Le triomphe de l'ambiguïté

À l'appui de la première thèse figurent d'abord l'exaspération croissante d'une opinion traversée par une crise de confiance impressionnante à l'égard des hommes politiques et des élites technocratiques de tous bords ainsi que la persistance d'un clivage politique issu de la campagne référendaire sur Maastricht et profondément original par rapport au clivage droite-gauche traditionnel : pour ou contre l'Europe, pour ou contre l'ouverture extérieure, pour ou contre la stabilité monétaire. Loin d'être indépendants l'un de l'autre, ces deux phénomènes se combinent : les chantres de l'« exception française », du Front national au Parti communiste, de Jean-Pierre Chevènement à Philippe Séguin, recrutant en bas de l'échelle sociale ; les partisans de la construction européenne et de l'adaptation du pays à la nouvelle donne mondiale se rencontrant principalement parmi les élites économiques, administratives et intellectuelles du pays. Ainsi s'expliquerait le succès des thèmes qui ont fait la fortune électorale de Jacques Chirac dans les premiers mois de 1995 : la dénonciation de la « pensée unique », la volonté de réduire la « fracture sociale », l'appel à un « renversement des priorités économiques » par rapport aux politiques de rigueur successivement menées depuis 1983 par la gauche et par la droite. La désillusion populaire, sensible dès les élections municipales des 11 et 18 juin, éclatante à la rentrée, ravageuse avec la crise sociale de décembre, procéderait du sentiment que « les promesses de la campagne n'ont pas été tenues » et que le nouveau pouvoir serait incapable de s'affranchir des logiques européennes, monétaristes et mondialistes des gestions précédentes. La nomination à Matignon d'Alain Juppé, c'est-à-dire du plus orthodoxe des technocrates chiraquiens, la démission à la fin du mois d'août d'Alain Madelin, le changement de cap brutalement annoncé par le chef de l'État dans son allocution du 26 octobre, le rigorisme machiste qui présida à la constitution du gouvernement Juppé II, le 7 novembre, et, enfin, l'annonce simultanée de la réforme de la Sécurité sociale et du projet de contrat-plan SNCF apparaissent comme autant d'étapes dans un processus d'effeuillage idéologique du candidat Chirac par le président Chirac.
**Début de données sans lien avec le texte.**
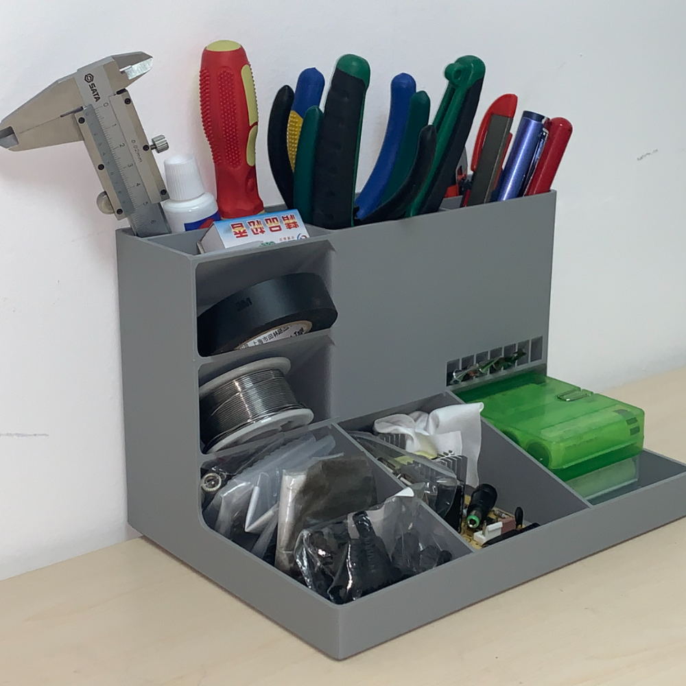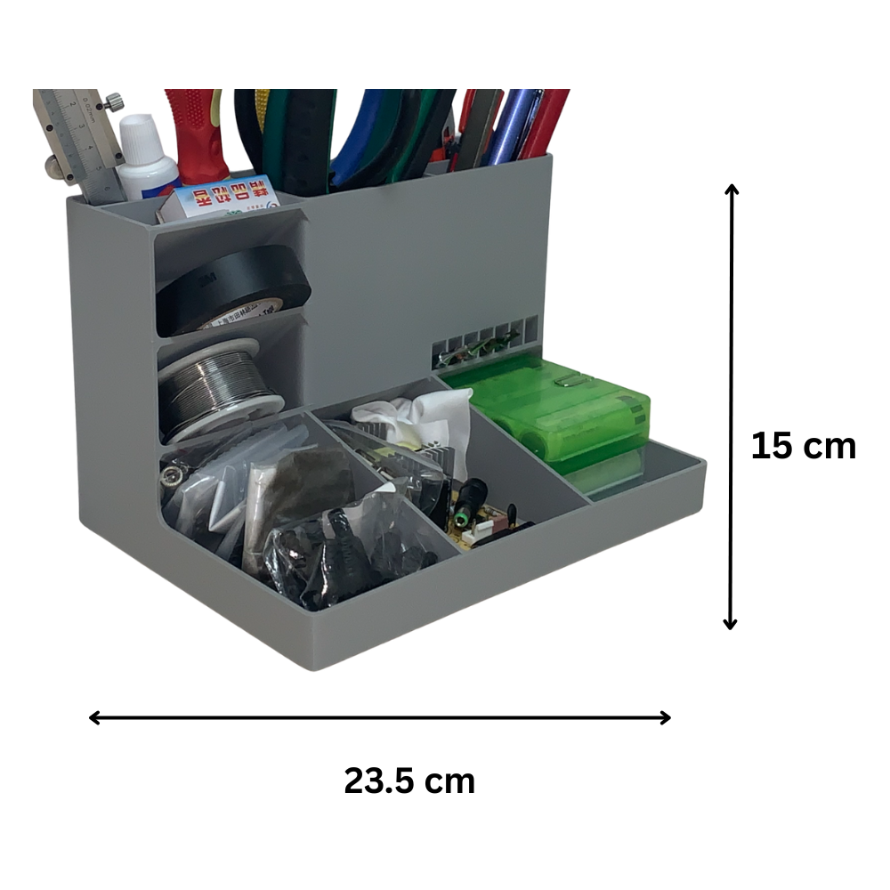 Keep your workspace neat and efficient with this 3D printed desk tool organizer, designed for offices, home workstations, study tables, and industrial desks. A practical and modern desk accessory suitable for IT offices, startups, factories, and professional environments.

Il est clair, en premier lieu, que Jacques Chirac s'est gardé, tout au long de sa campagne, de tirer toutes les conséquences de sa volonté proclamée et affichée de rupture par rapport aux priorités gouvernementales antérieures. Il affiche, en particulier, son souci de poursuivre la construction européenne, de relancer l'entente franco-allemande et de réaliser, dans les délais prévus par le traité de Maastricht, le passage à la monnaie unique. Bien plus, la dynamique de la campagne du maire de Paris est tout entière caractérisée par un strict parallélisme entre la modération progressive de ses attaques anti-européennes et la reconquête de l'opinion. Parallélisme logique si l'on songe que le plus populaire des candidats potentiels à l'élection présidentielle, Jacques Delors, était en même temps le plus européen de ceux-ci. Parallélisme qui invite toutefois à nuancer l'opinion selon laquelle les actions de Jacques Chirac à la « Bourse » des valeurs politiques seraient en quelque sorte indexées sur son aptitude à assumer les attentes anti-européennes des adversaires de la monnaie unique et des champions de l'« autre politique ».